I’ve been fortunate to not have to deal with allergies.  When the spring comes and people are struggling to breathe, and are suffering through itchy eyes, I’m usually just annoyed by the way pollen desires to make itself known on my car.  However, over the past few years, I started to have sinus problems; having my first sinus infection in 2009, and some other ones since then.

On Monday, I woke up feeling kinda blah, and I attributed it to the change in weather.  I forced myself to go to the gym, and while there, I could feel my sinuses starting to bother me.  I pressed through my workout, and while I was on my way home, I was praying to the Lord to allow me to feel better, and asking Him to show me things that I could do so that my sinuses wouldn’t bother me anymore.  And then I heard this:

“Do you want to feel better or do you want to be healed?”
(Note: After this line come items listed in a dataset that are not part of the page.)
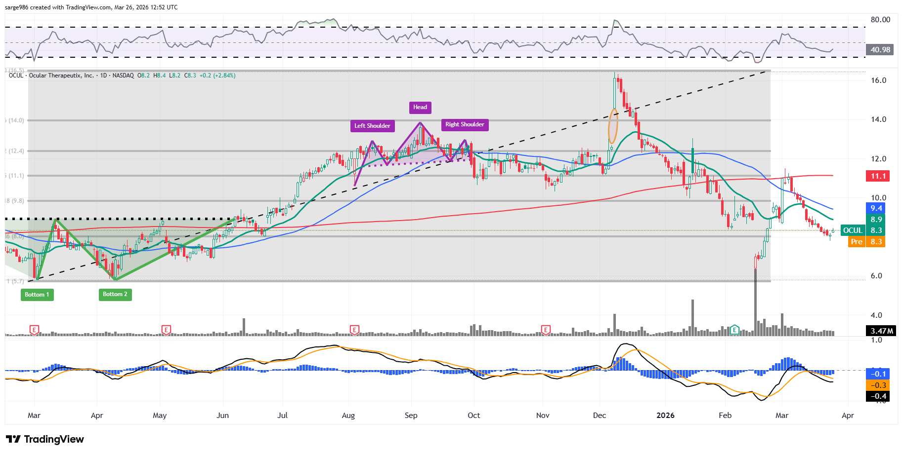 I will purchase 100 shares of OCUL at or close to the last sale of $8.30.
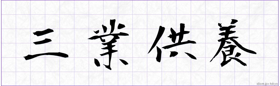 三業供養 (さんごうくよう)Kanji et modèles d’écriture |
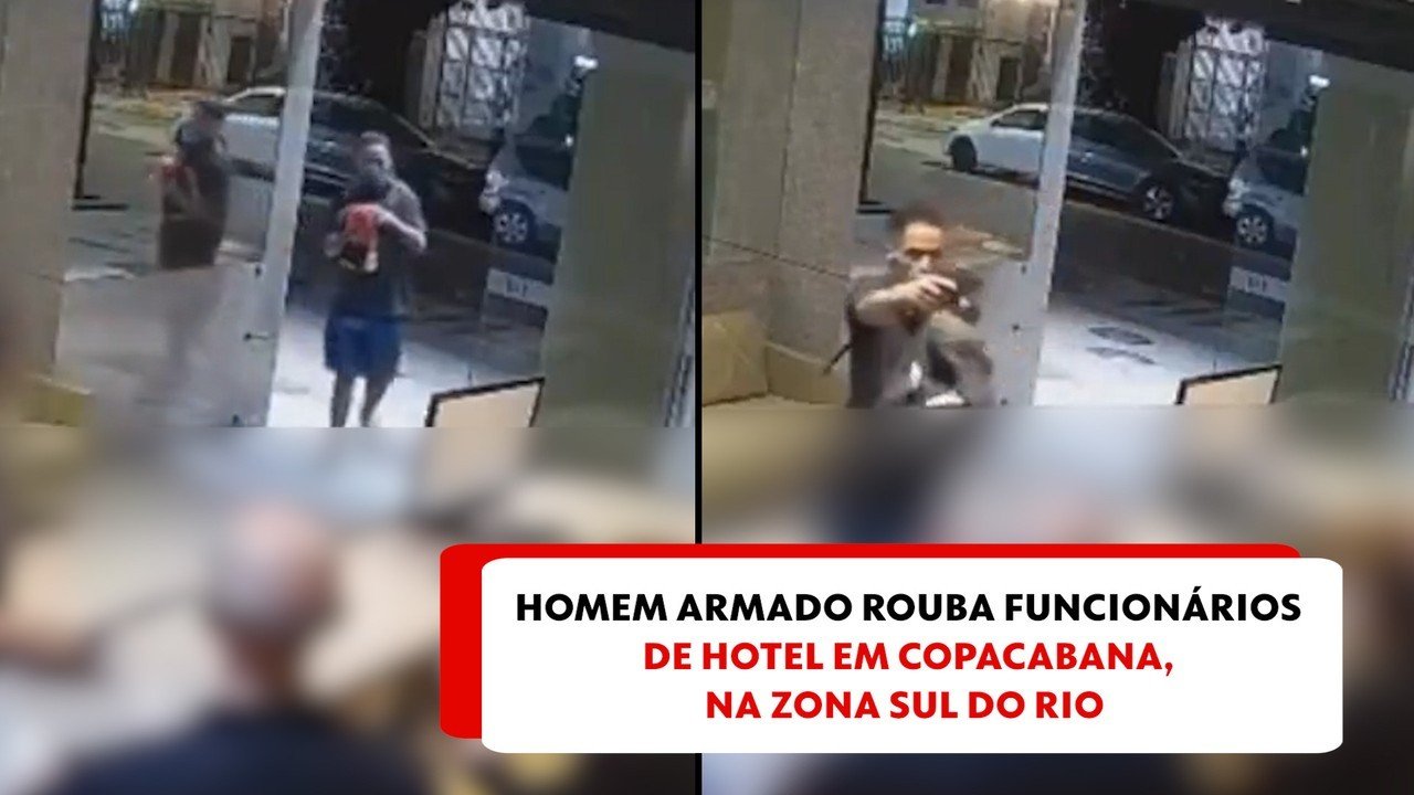 Uma Câmera de Segurança flagraou um assalto na recepção de um hotel na rua 5 de julho, em copacabana, zona sul do rio, na múite desta quinta-feira (22). Ó ladrão, que estava com uma mochila e Armado, se atrapalhou e derrubou um logotipo máscoa Após anuncia o roubo.
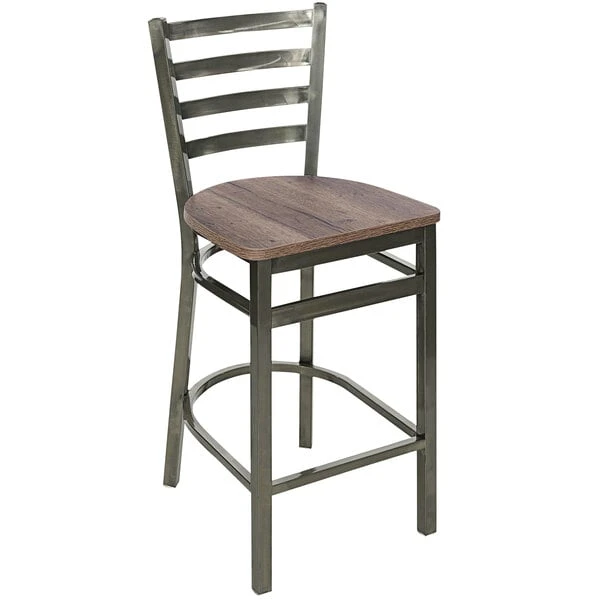 BFM Seating Lima Clear Coated Steel Counter Height Barstool With Relic Knotty Pine Seat
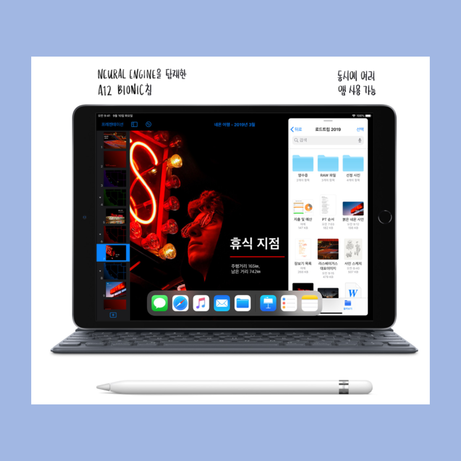 이번에는 가장 많은 사람이 구매하는 아이패드 에어 입니다. 최신모델이 3세대로 곧 새로운 세대의 모델이 출시될 것으로 기대됩니다. 크기는 10.5인치로 아이패드 7세대보다 조금 더 큽니다. 아이패드보다 더 좋은 A12 Bionic 칩이 탑재되어 있으며 아이패드 프로가 과하시다면 추천해 드립니다. 아이패드 에어로는 필기는 물론 간단한 영상작업, 높은 사양 게임을 모두 사용할 수 있습니다. 스마트 키보드와 애플펜슬을 지원합니다. 최대 용량은 256기가로 아이패드에서 부족했던 저장공간의 문제를 해결할 수 있습니다. 사실 공부하는 대학생들이나 간단한 작업만 하는 사람들은 아이패드 에어를 가장 많이 구매합니다.
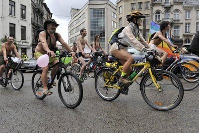 中新網(wǎng)6月20日電 據(jù)外電報(bào)道,19日,數(shù)十名比利時(shí)人赤身裸體,迎著風(fēng)雨上街騎自行車,抗議布魯塞爾市內(nèi)汽車太多,占用公共空間。
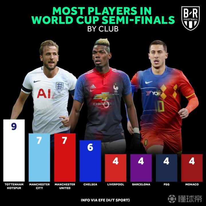 有意思的是,这五支球队也分别在四强中的三支球队有本队的球员,也就是说这五家俱乐部目前都有75%的概率能有自家球员问鼎世界冠军。(吐槽:如果利物浦能在世界杯前签下费基尔的话那就是唯一的一家100%了......)
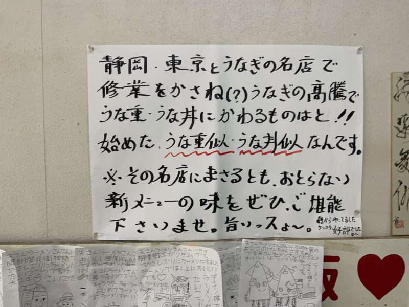 「うな重似」「うな丼似」なるうなぎに変わる味わいのメニューもあるそうです。ちなみに正体はうなぎに似せた豚バラらしいです。
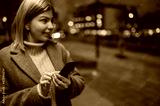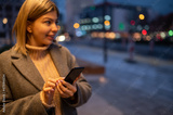 Portrait of young woman using phone while waiting the bus outdoors.
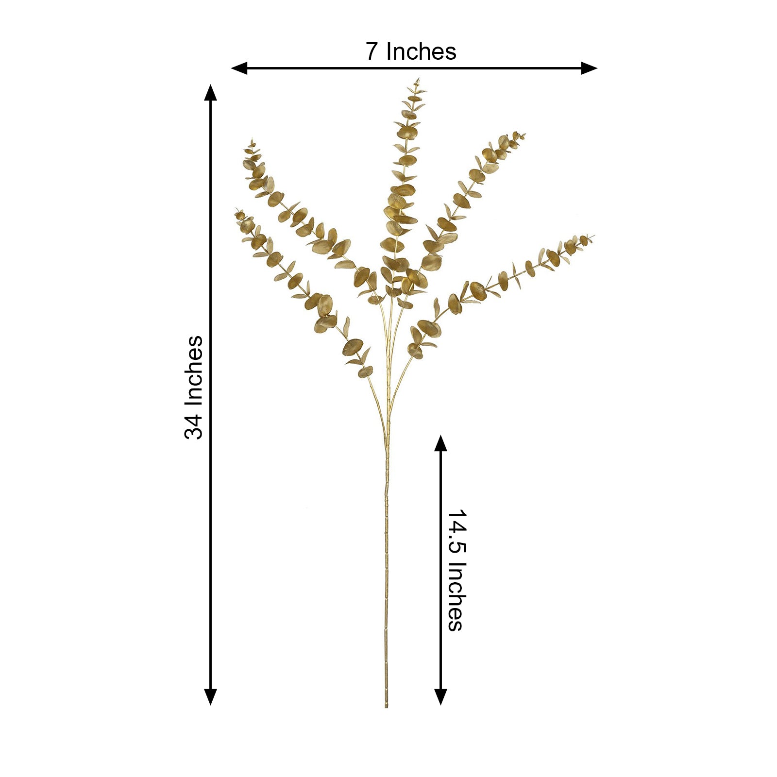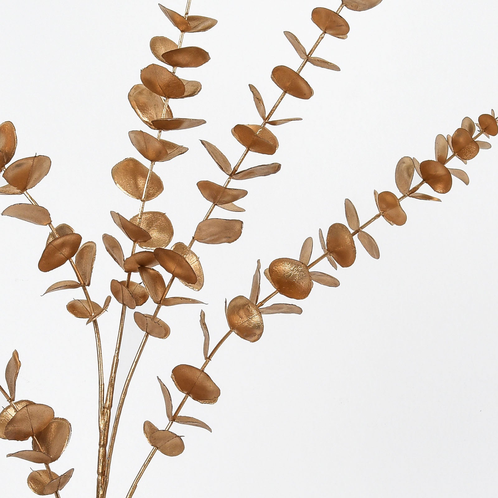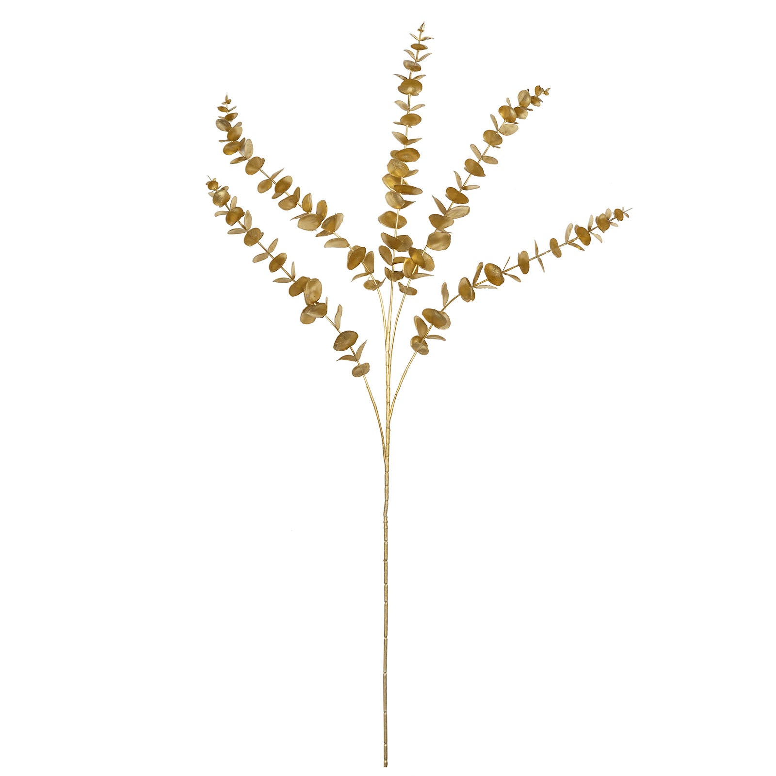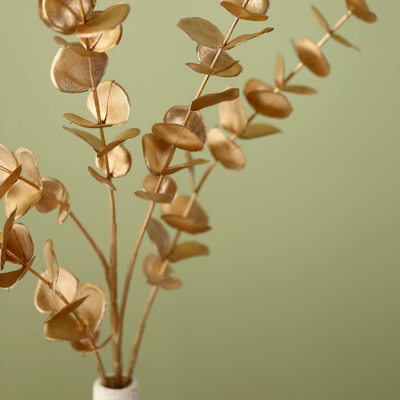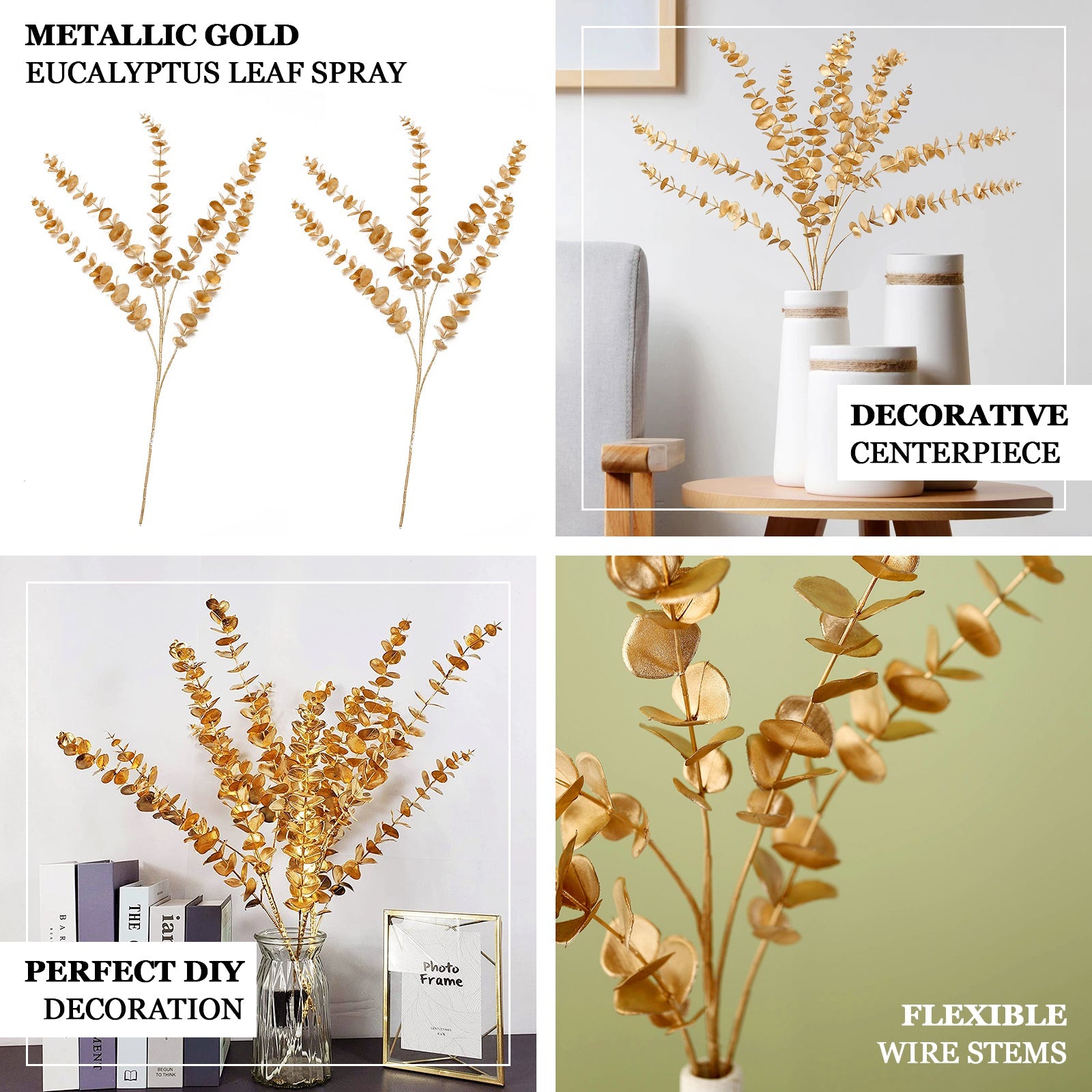 2 Stems Metallic Gold Artificial Spiral Eucalyptus Leaf Branch Vase Filler - 34"
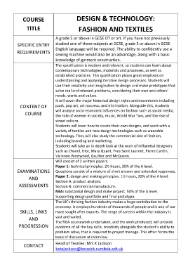 A grade 5 or above in GCSE DT or art. If you have not previously
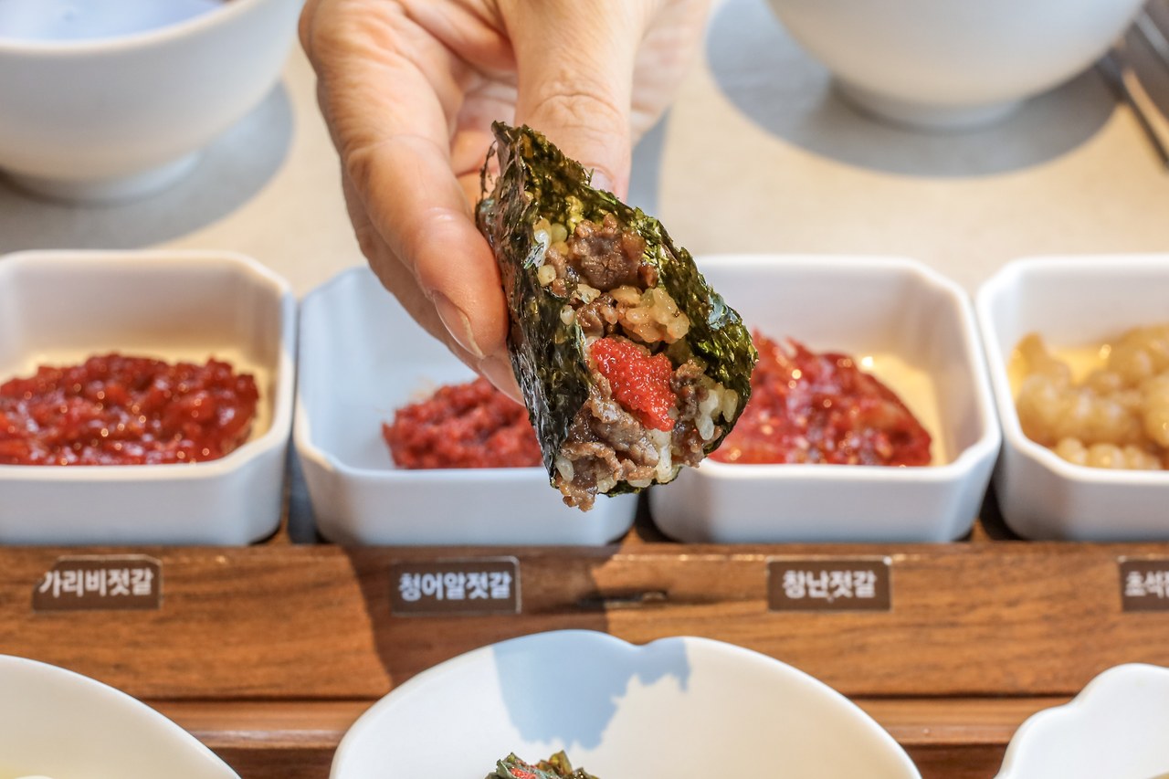 불고기 솥밥은 간이 알맞게 된 불고기를 듬뿍 올린 솥밥에 달걀노른자를 얹어 비주얼에서도 합격이다. 솥밥에 얹은 불고기만으로 충분히 간이 잘 되어 그냥 먹어도 맛있다. 곱창김에 불고기 비빔밥을 떠놓고 그 위에 가리비젓갈을 하나 얹어 먹으면 개운한 맛이 일품이다.
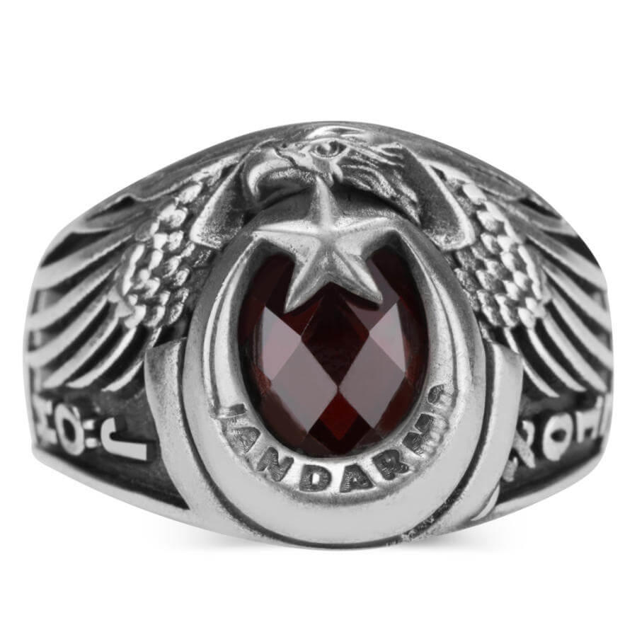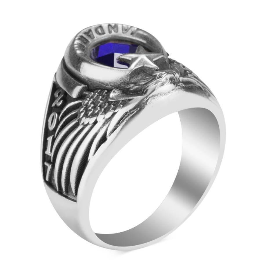 Mesleğinizin gururunu parmağınızda taşıyın! Jandarma Özel Harekat mesleği mensuplarına özel hazırlanan bu Anı yüzüğü ile siz de gücü parmağınızda hissedeceksiniz! 925 ayar gümüş üretimli bu aksesuarda şanlı bayrağımızın sembolü olan ay yıldız figürüne ve hakimiyet sembolü olan kartal baş tasarımı kullanılmıştır. Yüzük yanlarında "JÖH" kısaltması diğer yanında ise "2017" yazısına yer verilmiştir. Siz de hemen Anı Yüzük'e gelerek sipariş verin, mesleğinize özel olarak tasarlanan şık bir aksesuarın sahibi olun.

After thinking about it, and processing what I heard, I realized that what I really wanted was to be healed.  I want to be free from the issue altogether, and never have to worry about having to deal with it again.

I came to this conclusion after some thought, but I also began to think of how often I have chosen just to “feel better” instead of “be healed”.  It’s so easy to choose options that treat the symptoms but don’t cure the ailment.  While a treatment is good (and praise the Lord for treatments), what I want is to be healed.

Our society has become so medicated, and so into wanting a “quick fix” that we will often choose feeling better over being healed.  The truth is that being healed requires work.  And often times, we’d rather take the pill for the next 5 years instead of putting in the work over the next 5 months to be healed.  I’m determined to NOT live my life that way.  While the “quick fix” can temporarily make me feel better, I pray for the strength to always choose to be healed; despite the work that it may require.

I encourage you to choose to be healed over just feeling better.  Be willing to do the work that is required and press for your healing, instead of settling for a quick fix.  You’re worth it.

Be encouraged!  Peace and Blessings!